Fakten:
Jim Carroll – In den Straßen von New York (The Basketball Diaries)
USA. 195. Regie: Scott Kalvert. Buch: Bryan Goluboff, Jim Carroll (Vorlage). Mit: Leonardo DiCaprio, Lorraine Bracco, Ernie Hudson, Mark Wahlberg, Bruno Kirby, Juliette Lewis, James Madio, Michael Imperioli, Brittany Daniel, Alexander Chaplin u.a. Länge: 90 Minuten. FSK: freigegeben ab 12 Jahren. Auf DVD erhältlich.
Story:
Nach einer wahren Geschichte. New York in den 1960er Jahren: Teenager Jim Carroll lebt für den Basketball. Er gilt als talentierter Spieler, doch noch mehr als der Sport wird er und seine Teamkameraden von Drogen angezogen. Und so gerät Jim immer mehr in einen Strudel aus Sucht und Verbrechen.
Meinung:
Wenn Jim Carroll, inzwischen längst in den Klauen der Abhängigkeit gefangen, wieder mal vollkommen benebelt von der letzten Line in der Badewanne liegt und dabei krampfhaft versucht, seine Augen irgendwie offenzuhalten, um in seinem Tagebuch die letzten Zeilen seines gegenwärtigen Gefühlszustands zu dokumentieren, kommt es zu einem memorablen Augenblick von ungemein symbolischer Natur: Der Junge aus Manhattan, der sein geliebtes Basketballtraining aufgrund des Drogenkonsums aufgeben musste, der von seiner katholischen Schule geflogen ist und sich auch von seinem letzten familiären Bezugspunkt, seiner Mutter, abwendete, der quasi alles verloren hat, schliddert mit geweiteten Pupillen langsam seinem Ende entgegen. Doch seine Passion, die Rhetorik, die Poesie, die Kunst im Allgemeinen, will ihn nicht loslassen, rüttelt ihn in mahnender Manier immer wieder wach, fleht um seine Besinnung, schreit nach Vernunft, kämpft freimütig gegen Windmühlen.

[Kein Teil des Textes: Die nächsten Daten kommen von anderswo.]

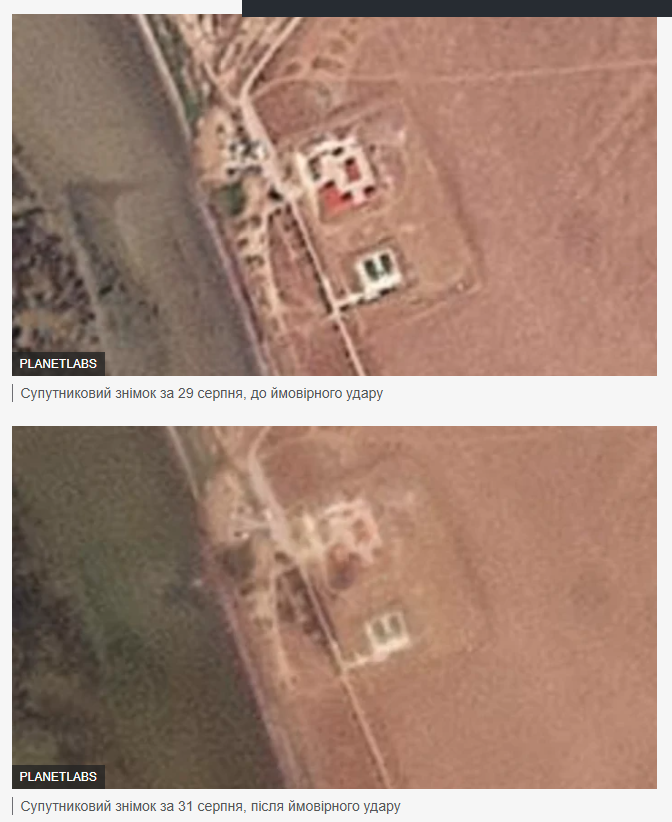Порівняння супутникових знімків ураженої ракетами «Фламінго» застави ФСБ в Криму. Ліворуч знімок за 28 серпня, праворуч за 31 серпня 2025 року. Колаж Мілітарний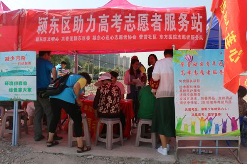 2018年6月7日,又迎来了一年一度的高考。为进一步弘扬“奉献、友爱、互助、进步”的志愿服务精神,给广大考生营造舒心安静的考试环境,河东街道訾营社区联合阜阳市心连心志愿者协会在辖区城郊中学考点设立了“助力高考爱心服务站”,为在该考点参加高考的莘莘学子们献爱心,全力助考。
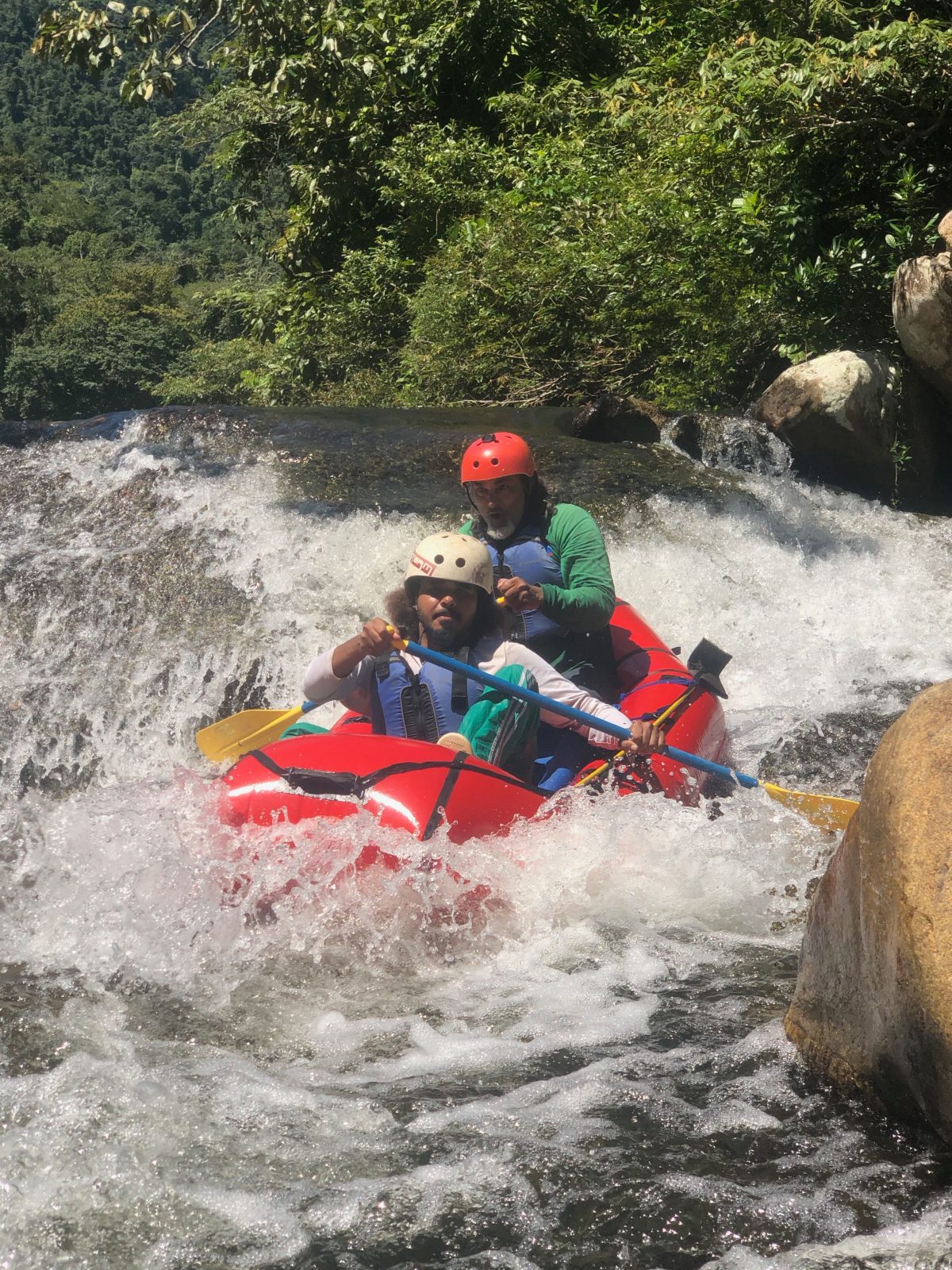 The generally peaceful current of the river is interrupted by small rapids and many runnable falls with up to 16’ drops into the warm tropical water.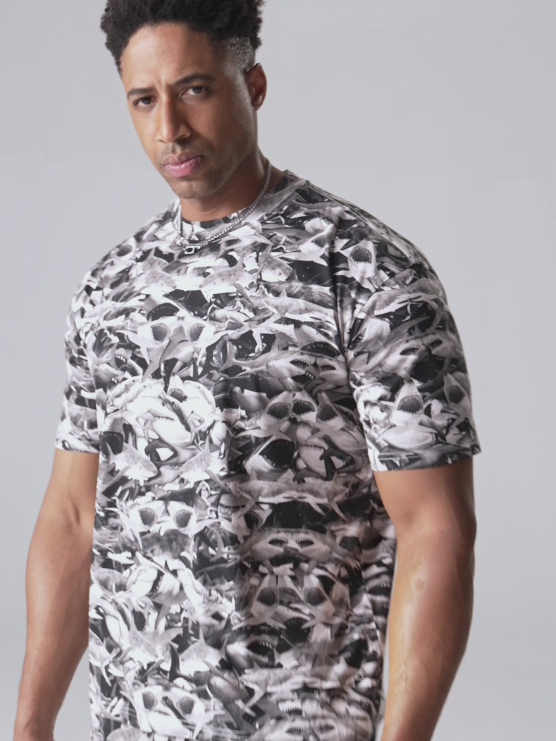 TCH Allover Rhinestone Shark Hawaiian T-Shirt
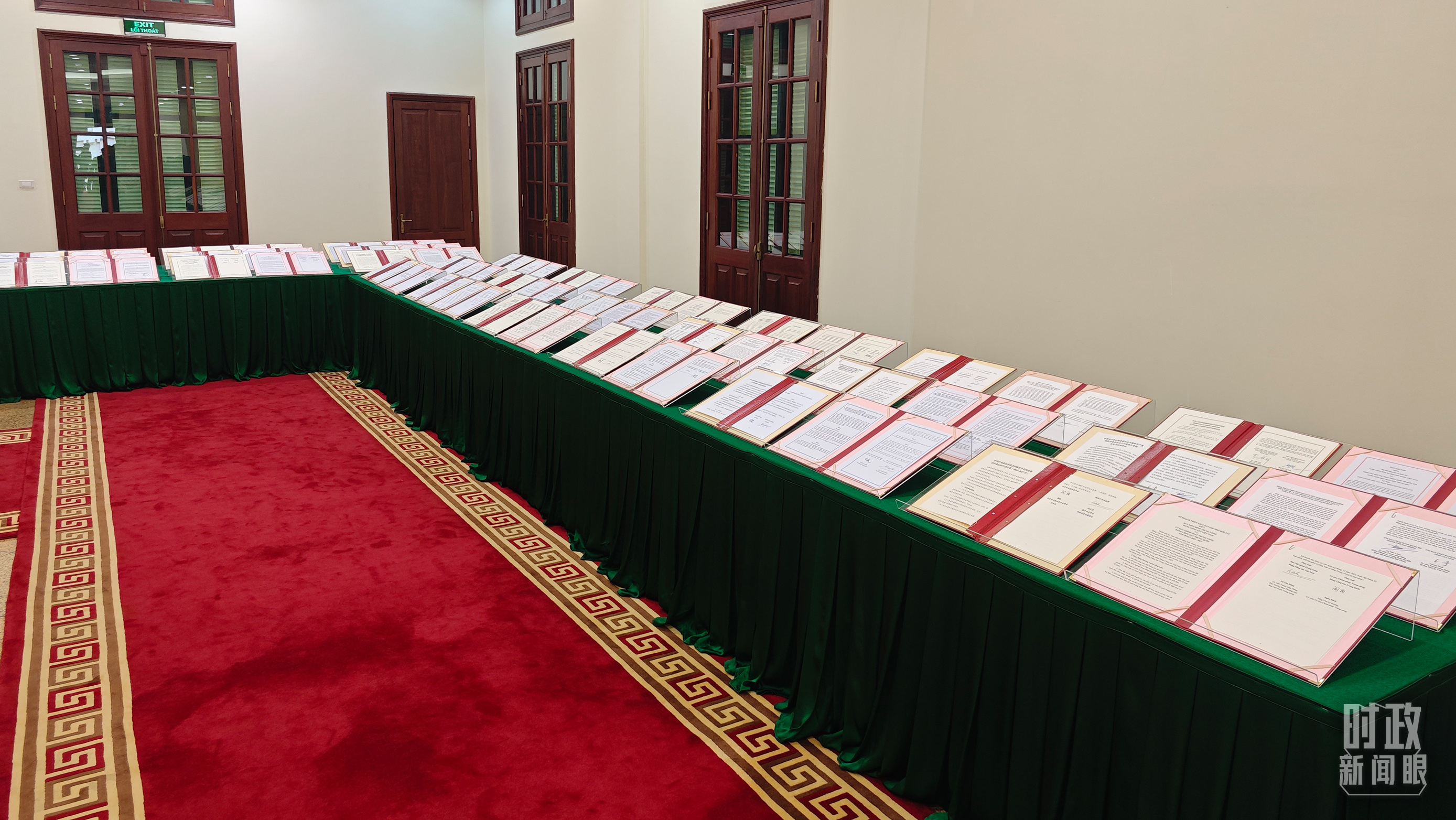 △會(huì)談后,兩黨總書記共同見證雙方簽署的雙邊合作文件展示,涵蓋共建“一帶一路”等30多個(gè)領(lǐng)域。(總臺(tái)央視記者耿小龍拍攝)

Voll am Arsch: Jim Carroll
Diese Kunst hat ihm zwar letztlich nicht das Leben gerettet, seine Erlösung, die ihm den entscheidenden Entzug ermöglichte, tritt schließlich in einer ganz anderen Form auf, sie machten ihn und seine in der Literatur hochgeschätzten Basketball Diaries aber zu einer abschreckenden, aufklärenden und auch hoffnungsvollen Referenz für all die, die sich in einer ebenso ausweglosen Situation wie einst Carroll in seiner Jugend befanden und den Glauben an sich selbst und die Welt verloren haben. Dass das Drehbuch die autobiographische Vorlage nun aus den 1960er Jahren hebelt und in 1990er Jahre verpackt, büßt gewiss einen Bruchteil an realitätsbezogener Authentizität ein, tut der filmischen Narration aber keinen Abbruch, weil sie sich dennoch genau auf die elementaren Aspekte konzentriert, die für ihre Entfaltung keinen festen zeitlichen Rahmen beanspruchen: „Jim Carroll“ ist sowohl Milieu- als auch eine Charakterstudie, aber kein konkretes Zeitportrait.
Scott Kalvert und Bryan Goluboff gelingt es, die signifikante Botschaft Carrolls zu vermitteln, ohne sich aber in überstilisierten Melodramatik oder falscher Glorifizierung seiner Charaktere, vor allem natürlich Jim Carroll, zu wälzen. Obgleich man „Jim Carroll“ gerne in die Sparte des obligatorischen Drogenfilms einquartieren möchte, ist Scott Kalvert doch eher an einem Film gelegen, der sich nicht allein auf den Konsum und Entzug fokussiert, sondern seinem titelgebenden Protagonisten ein facettenreiches Innenleben verleiht, in dem den Drogen und Carrolls schrecklichen Exzessen natürlich eine große Rolle zu Teil wird, der emotionale Ursprung hingegen, seine Entwicklung und das Verlangen nach Ablenkung und Verdrängung, genauso zentriert wie honoriert. „Jim Carroll“ geht letzten Endes allerdings nur deshalb so gut auf, weil er mit Leonardo DiCaprio einen herausragenden Hauptdarsteller vorzuweisen hat, der sich nach „This Boys Life“ und „Gilbert Grape“ erneut in schauspielerische Höhenlagen katapultiert und bereits mit diesem Auftritt in seiner noch so jungen Karriere bewiesen hat, dass er ein absoluter Ausnahmeperformer ist. Groß.